Em 10 anos, ninguém mais vai cozinhar?

“Em 10 anos, ninguém mais vai cozinhar”. Esta foi a polêmica desta semana no instagram, a respeito de uma frase dita pelo presidente do iFood, o aplicativo de entrega de comida. Segundo ele, entre 5 e 10 anos preferiremos não mais cozinhar em casa, pois vai ficar mais barato e acessível pedir comida pelo aplicativo do que cozinhar em casa.




Isto virou polêmica no instagram. Diversas pessoas e profissionais de saúde se manifestaram, relatando como isto é um absurdo. Afinal, cozinhar é algo que deve ser incentivado, que faz parte da identidade do povo brasileiro e é um componente importante para a autonomia alimentar do indivíduo. E eu concordo, isto tudo é verdade. Mas calma, o buraco é tão mais embaixo.


Precisamos falar dos porquês da busca por delivery ter aumentado tanto. Enquanto assumirmos que as pessoas simplesmente buscam o delivery porque são comidas gostosas, ou simplesmente porque as pessoas têm preguiça de cozinhar, estaremos nadando apenas na superfície. Existem diversas razões mais profundas para o aumento da busca por comidas por delivery.


Imagine o cenário (ou talvez você nem precise imaginar, pois vive essa realidade tão comum ao povo brasileiro): você é mãe, acorda cedo, deixa os filhos na escola, trabalha o dia inteiro (talvez porque é impossível que um só familiar trabalhe para sustentar a casa, ou talvez você seja mãe solo, ou talvez você trabalhe porque você quer ter sua vivência profissional). Todas as refeições dos familiares já foram feitas fora de casa durante o dia. Ao final do dia, você chega em casa cansadíssima, e ainda precisa coordenar a rotina das crianças, ver tarefa, banho, cuidado, lavar a roupa, limpar a casa, sono das crianças. Possivelmente essa carga cai toda sobre você, porque a sobrecarga feminina e materna é um problema real, enquanto seu marido vai descansar. Você não tem um pingo de energia para cozinhar, nem mesmo teve tempo ou espaço mental para ir ao mercado e planejar refeições. Qual a solução para matar a sua fome? E nesse processo, ainda receber um prazer, um conforto? Cozinhar uma refeição, que inclui comprar os ingredientes, pré preparar, cozinhar? Ou pedir um hamburguer, ou um alimento conforto, no delivery, em que você pode simplesmente esperar deitada? E aí você acaba vivendo um episódio ali de comer não só para matar a fome, mas é um comer emocional, que preenche o cansaço, a sobrecarga, o estresse.

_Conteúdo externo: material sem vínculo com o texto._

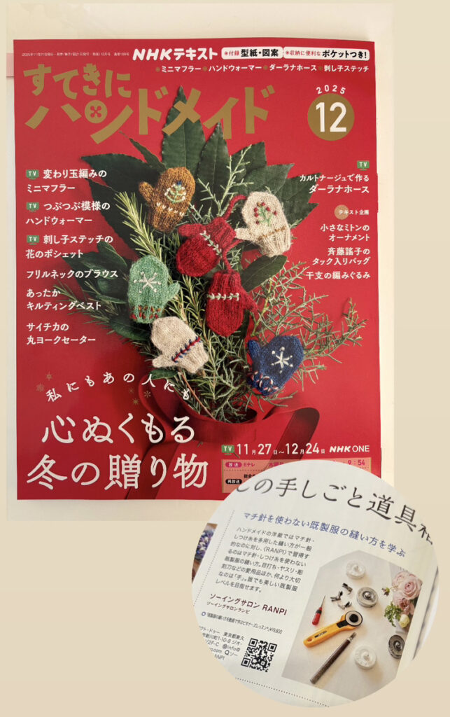 11/20発売の「すてきにハンドメイド」12月号〜わたしの手しごと道具箱〜コーナーに掲載させていただきました。 -
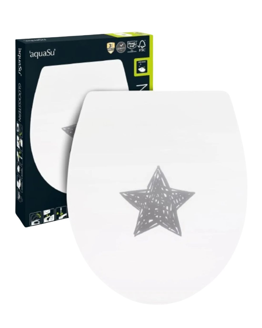 A WC-fedél antibakteriális Duroplast műanyagból készült. Ez lehetetlenné teszi a baktériumok és szennyeződések lerakódását a sima felületen.

Vi alguns comentários de pessoas falando sobre aumentar o preço dos deliveries ou mesmo aumentar os preços dos alimentos ultraprocessados. Sim, eu sei que faz sentido como forma de impulsionar o consumo de alimentos in natura e o cozinhar. Mas sobre quem vai cair essa carga? As mulheres, já sobrecarregas, que precisarão assumir mais um papel?


A bandeira do “descascar mais e embalar menos” é importantíssima. Mas enquanto batermos somente nisso, estamos deixando a responsabilidade apenas sobre o indivíduo sem realmente falarmos dos problemas coletivos que a população brasileira enfrenta: carga de trabalho muito extensa, abandono parental, sobrecarga feminina/materna…

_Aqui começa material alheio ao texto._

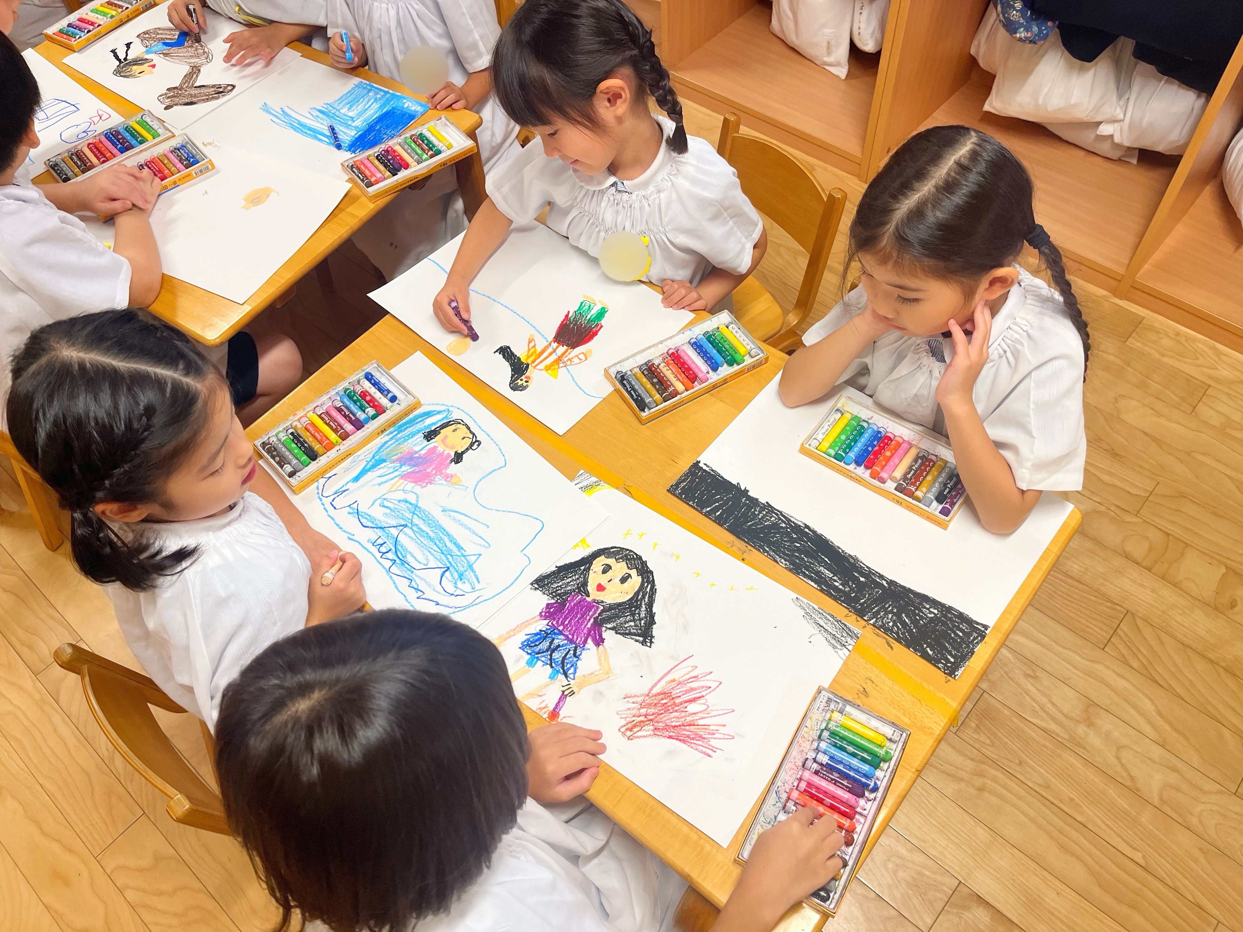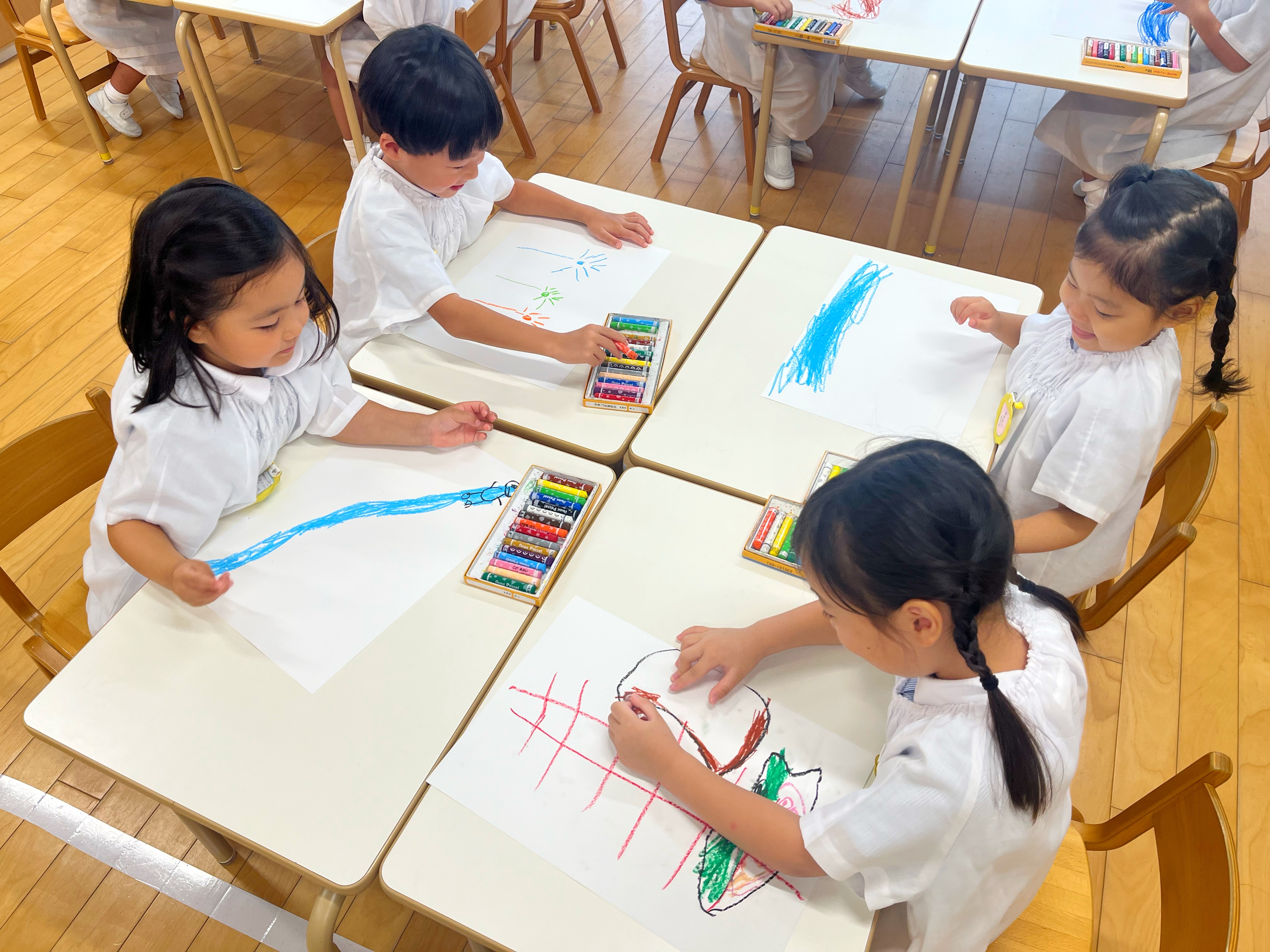 日常 2025.09.08 夏休みの思い出を描きました 先日夏休みの思い出を描きました。 「花火いっぱい描いたよ!」「カブトムシ見つけたんだ!」 といった会話が聞かれる中、流れるプールや花火、乗馬をしたことなど楽しかった夏休みを思い出しながら素敵な作品が仕上がりました。
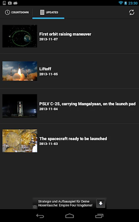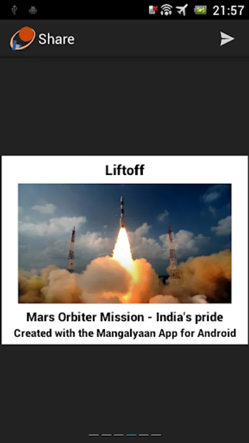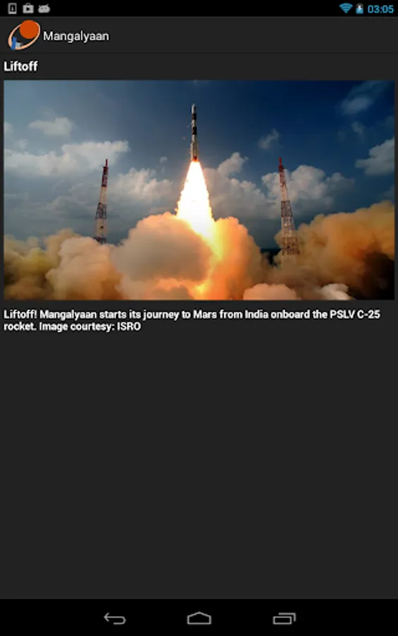 Mangalyaan, officially known as the Mars Orbiter Mission, is India's maiden mission to the Mars. It is the the first interplanetary mission by ISRO (Indian Space Research Organization). Use this app to follow the mission. More information about the mission will be added in future updates.
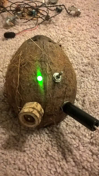 Este es uno de esos proyectos que una vez construido sólo para los diablos de la misma, y cada persona que lo ve quiere uno! Es demasiado tonto, con ambiente de isla de Gilligan de este ridículo a él. Ser seguro, divertirse, y encantaría saber las mejoras en la construcción. Retirar la carne es una parte dura, montaje los 9V, resulta que es algo que no tengo una buena solución para. De todos modos, disfrutar. Con componentes de alta calidad realmente esto podría ser un amplificador de práctica poco agradable.
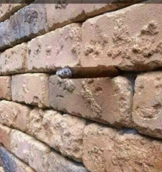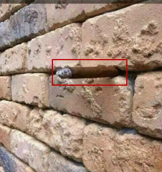 照片似乎是普通磚牆,有網民留意到中間有灰色物體,但由於圖片質素一般,無法看清是甚麼,亦有人猜測是一塊石頭卡磚塊罅隙。
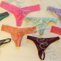 This classic, bright pink lace thong is starting to get some holes in it, it is very well loved. Available for up to 3 day wear, with most requests accepted for extra price. Starting at $25

Mas, Nathália, qual é a solução? Honestamente, não sei. A nível coletivo, um caminho é discutir sobre isso. Falar sobre alimentação, é falar sobre o papel das mulheres, é falar sobre sobrecarga, é falar sobre a divisão de papeis, sobre as extensas cargas de trabalho. Diminuir o preço de alimentos in natura pode ser um caminho, mas é preciso alinhar com a discussão sobre: quem é que vai preparar esses alimentos in natura?


E a nível individual, como tantas vezes já discuti em consultório, o caminho foi justamente encontrar opções terceirizadas. Marmitas, restaurantes e até mesmo diversificar as opções de pedidos no próprio ifood (não precisava ser só o hambúrguer, embora também pudesse ser algumas vezes!), porque justamente aquela mulher, aquela minha paciente, já estava totalmente sobrecarregada. O ifood vinha como um respiro, uma ajuda. E o caminho que encontramos foi diversificar estas ajudas. Não tinha como incluir o cozinhar no seu dia a dia, pelo menos não naquela conjuntura que ela vivia.


Por fim, o buraco é bem mais embaixo.